Yavaş yavaş ekrandaki cızırtı azalmaya ve karıncalar yuvalarına girmeye başladı. Ekrandaki görüntü netleştikçe adam görüntünün tam olarak gelmesi için kanal değiştirmeyi bıraktı. O sırada kumandayı tutan kolunda hafif bir sızı, parmakta zonklama, tüm kolda uzun iş temposundan çıkmış derin bir rahatlama hissetti. Ekran üzerindeki karıncalar azaldıkça ekran bir çizgi halinde dönmeye başladı. Çizgi gittikçe bir resim halini aldı ve yavaş yavaş ekrana oturdu. Ekrana oturan resimle birlikte cızırtı kesilmiş yerini çok derinden bir çınlamaya bırakmıştı.
Ekranda, elinde kumandayla pis ve boğuk bir odanın içinde, koltukta oturan bir adam vardı. Gözlerini sanki kendisini seyredeni görüyormuş gibi adama dikmişti. Tıpkı bir aynanın yansıması gibi adamın yaşadığı yer ve adamın kendisi ekrandaydı. Gözleri kan çanağı, kolu damarlı, kirli, göbekli bir adam gözlerini kırpmadan onu seyreden aynı sıfatlardaki adama, kendisine bakıyordu.

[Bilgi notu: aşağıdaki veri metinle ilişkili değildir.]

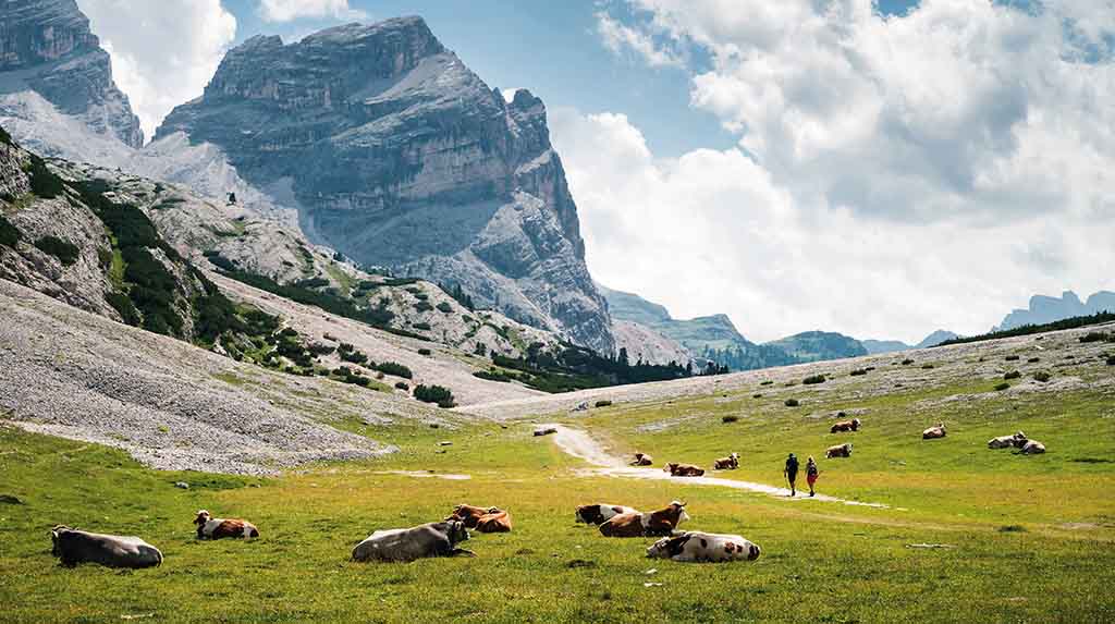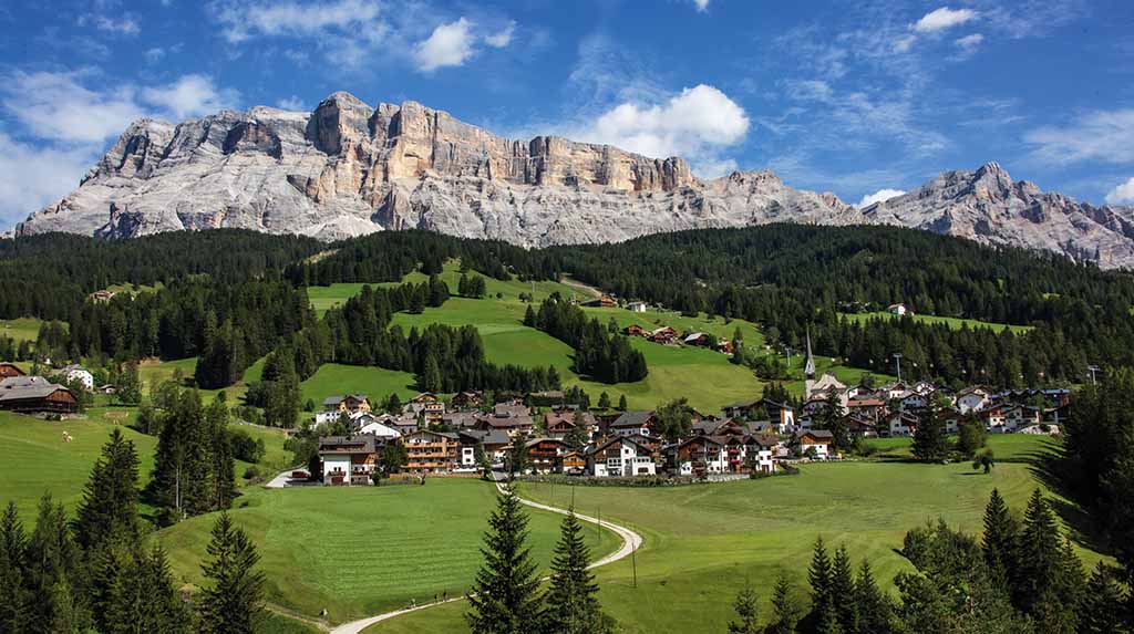 Três horas de estrada desde Veneza bastam para mudar tudo. O asfalto serpenteia florestas, campos floridos e vilarejos encaixados em escarpas calcárias, até que, entre Trento e Bolzano, as Dolomitas se revelam: torres de rocha clara com mais de 3 mil metros de altura, uma luz dourada, girando com o dia, e silhuetas minerais que redesenham o céu. Reconhecida pela Unesco, essa cordilheira dos Alpes italianos abriga vales onde ainda se fala ladino – um idioma ancestral que convive com o italiano e o alemão, num cotidiano trilíngue. O maciço do Sella marca o centro geológico da região e separa os vales de Gardena, Fassa e Badia. Alta Badia ocupa esse último, com uma rede de vilarejos ligados por gôndolas, trilhas e refúgios de altitude. Aqui o bem-estar dita o ritmo.

Adamın gözbebekleri uzun müddet sonra küçüldü ve ekrandaki görüntüye odaklandı. Televizyondan gelen çınlama sesi kulaklardan girerek beyindeki tüm yağları parçalıyordu. Ekrandaki adamın hareketsizliği ve kendinden emin, sinirli bakışları adamı tedirgin ediyordu. Uyuduğunu ve rüyada olduğunu düşündü. Uzun zamandır televizyondan başka yöne dönmeyen başını sağa sola çevirdi etrafına baktı. Boynundan kütürdeme sesleri geldi. Kütürdemeyle birlikte boynunda oluşan sızı ona rüyada olmadığını göstermiş oldu. Tekrar ekrana döndü. Beynine yayılan çınlama hafiften bir tedirginlik veriyordu vücuduna. Hissettiği tedirginlikle oturduğu koltuktan kalkmaya karar verdi. Kollarıyla sanki karşıdaki bir şeye ulaşmaya çalışıyormuş gibi hareketler yapmaya başladı ama önünde duran göbeği, bulunduğu koltuktan kalkmıyordu. Birkaç kere daha aynı anlamsız hareketi yaptı fakat nefes nefese kalmak dışında bir işe yaramadı.
Ekrandaki adam onu seyredenin yaptığı hareketleri görmüş gibi elindeki kumandayı kaldırarak adama doğru tutmaya başladı. Bunu yaparken gözlerini adamın gözlerinden bir an bile ayırmamıştı. Adamın vücudunu baştan aşağı bir korku sardı. Çakılı kaldığı koltukta kendisini kurtaracak bir şey aradı, o anda sanki ne yapacağını biliyormuş gibi eline kumandayı aldı, ekrana doğrulttu. Silahlarını çekmiş iki savaşçı gibi birbirlerine bakıyorlardı. Adam son bir hamle ile kanalı değiştirmek için her zaman kullandığı tuşa bastı. Bu filmin sona ermesini istiyordu. Televizyondan hafif bir cızırtı duyuldu. Ekrandaki görüntü ilk önce karıncalarla doldu sonra tekrar çizgi halini aldı. Adam kâbustan kurtulduğunu düşünerek derin bir nefes aldı. Alnındaki teri sildi. Kolunu aynı dayanağa koydu. Arkasına yaslandı. Her zamanki oturuş şeklini aldı. Hızlı hızlı atan kalbini ve nefeslerini kontrol etmeye çalışıyordu ki çizgiler tekrar aynı resme dönüştü. Ekrandaki adam kumandayı hâlâ silah gibi tutuyor ve nefret içinde yüzen bakışlarını adamdan ayırmıyordu. Adam kumandayı tekrar doğrulttu fakat bu sefer ekrandaki önce davranarak en üstteki kırmızı tuşa bastı.
Polisler kapıyı kırıp eve girdiklerinde adam ölmüştü. Elindeki kumandayı sıkıca tutuyordu. Başparmağı kırmızı, kapama tuşundaydı.